The faked Iraqi prisoner photos would suggest that the Daily Mirror and military history go together like ice cream and gravy, but a report in today's edition is worth reflecting on.
The Mirror asked 1,000 under 25s across the country what they knew about D-Day and the results were astonishing. Seventy three per cent did not know what it was, when it happened, or who was involved.
The collective knowledge of those interviewed would indicate that D-Day was in Japan in 1962 when Germany had a king. And as one 16-year old put it: "It's not important though, is it. It's past so there is no need to keep remembering it."
If you added together the IQs of those surveyed, all obviously Mirror readers, you wouldn't have enough intelligence to make a half-wit, but I still find the results depressing.
We are talking about a war that ended less than sixty years ago. A war in which an estimated 48 million civilians and military personnel lost their lives. And yet this decisive battle on the beaches of Normandy, which heralded the end of Hitler's dream, is already being forgotten.

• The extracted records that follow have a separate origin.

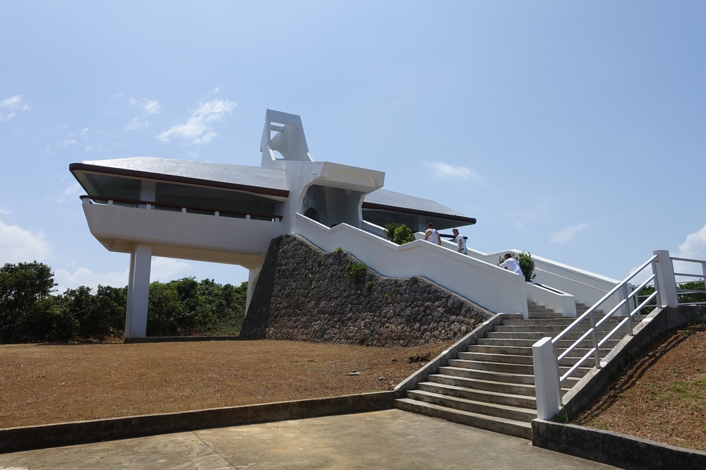 島で一番標高の高い牧山にある展望台です。外観はサシバという渡り鳥をモチーフにしています。伊良部大橋を渡っていると展望台は島の右手に見えるのですが、最短ルートは橋を渡ったら左に曲がるというのがポイント。このことは道路上に案内がないのでちょっと不親切かな。ま、右折しても最終的に到達することはできますが。
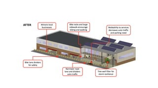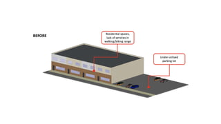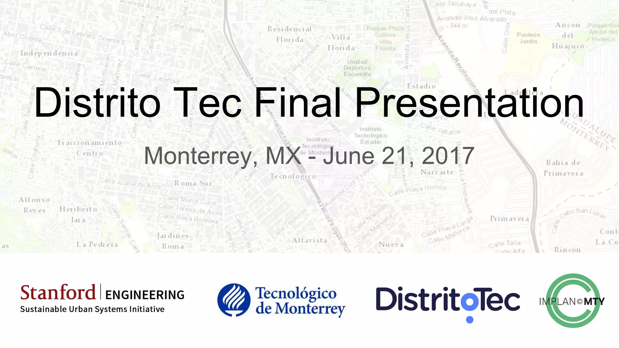 This presentation summarizes work done by Stanford and Tec de Monterrey students on analyzing and defining sustainability problems in Distrito Tec, Monterrey, Mexico. The students used a project-based learning methodology involving problem definition, field visits, and developing analysis on land use, mobility, energy, and water systems. For each topic, the students outlined their methodology, key results, and next steps to further define the problems and pathways to solutions. The goal is to help Distrito Tec set sustainability goals and design infrastructure to meet those goals across health, ecological, social and economic dimensions.
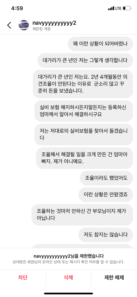 이후에 인스타 앱 삭제하기 전에 차단해놓은 상태야..
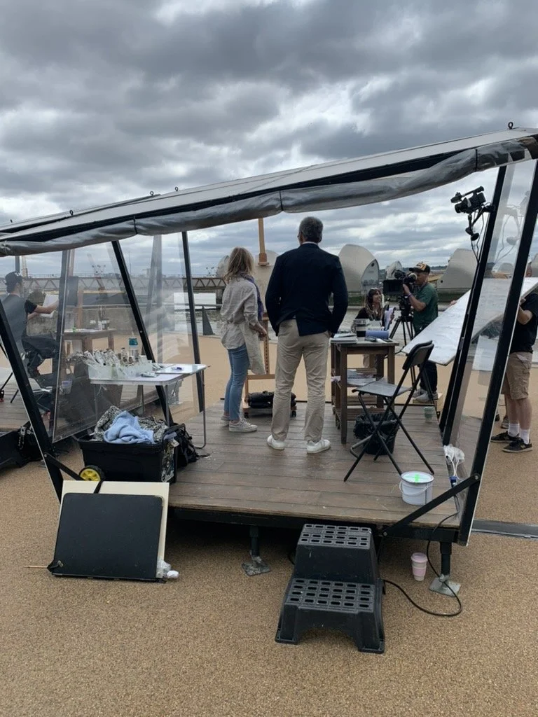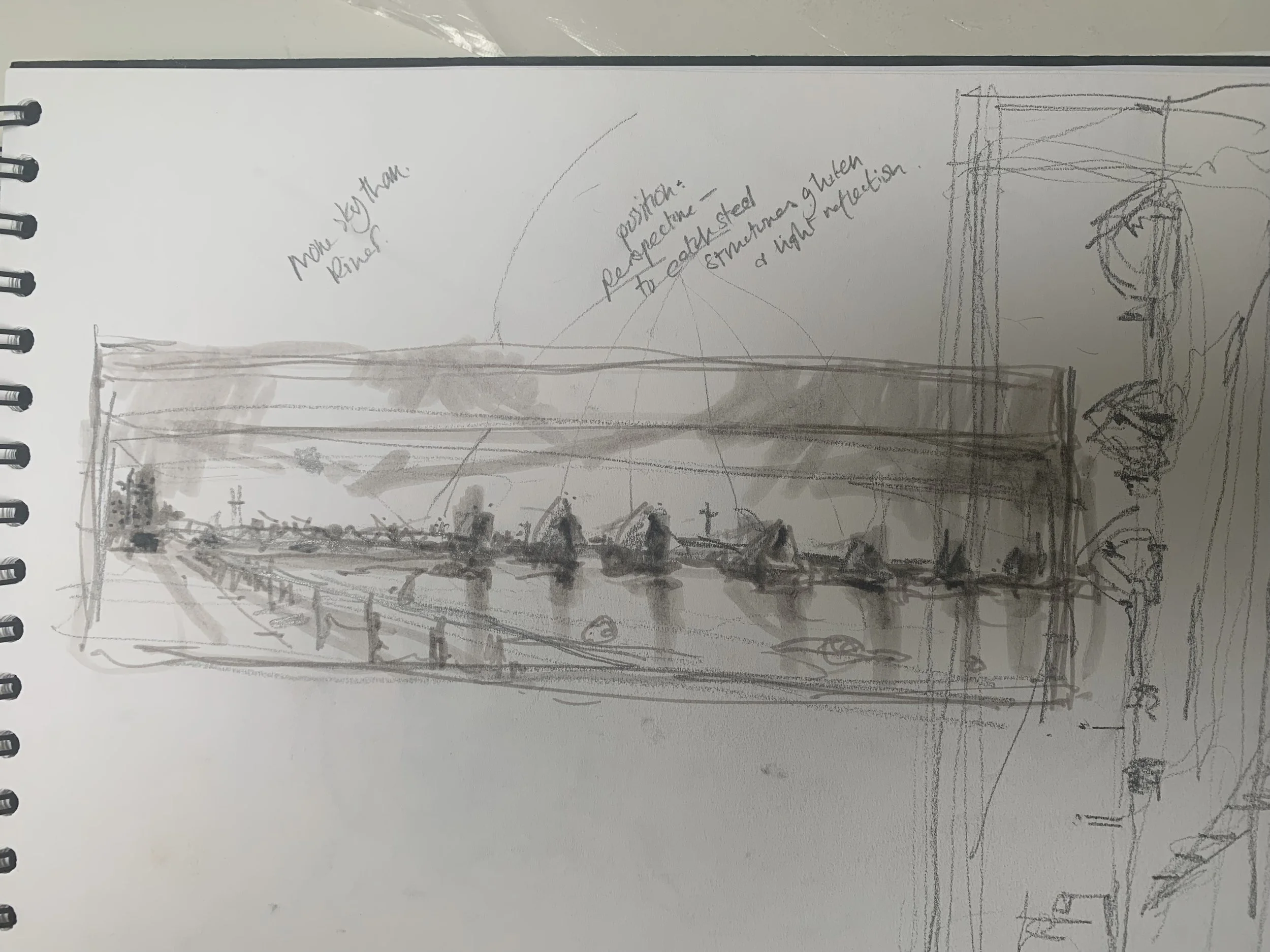 There is an ‘audacious boldness’ in this intent, with the barriers appearing to openly ‘challenge the birth-right of the Thames’ to exist on its own terms as it has done throughout history. As a painter, I felt it was important to try and capture that context which meant choosing a composition that reflected how the barriers sit within the landscape of the Thames and the riverbank given their immense scale played out as part of that impudent endeavour.

The Allies suffered more than 4,000 D-Day casualties, most of whom were younger than those surveyed by the Daily Mirror.
I suggest we point all the country's under 25s in the direction of Google and tell them to enter 'D-Day'. This should return approximately 1,810,000 results which might help them fill in the gaps in their knowledge. Leave them unsupervised, of course, and they are more likely to enter 'Britney Spears' which will return around 4,340,000 results, which perhaps explains everything.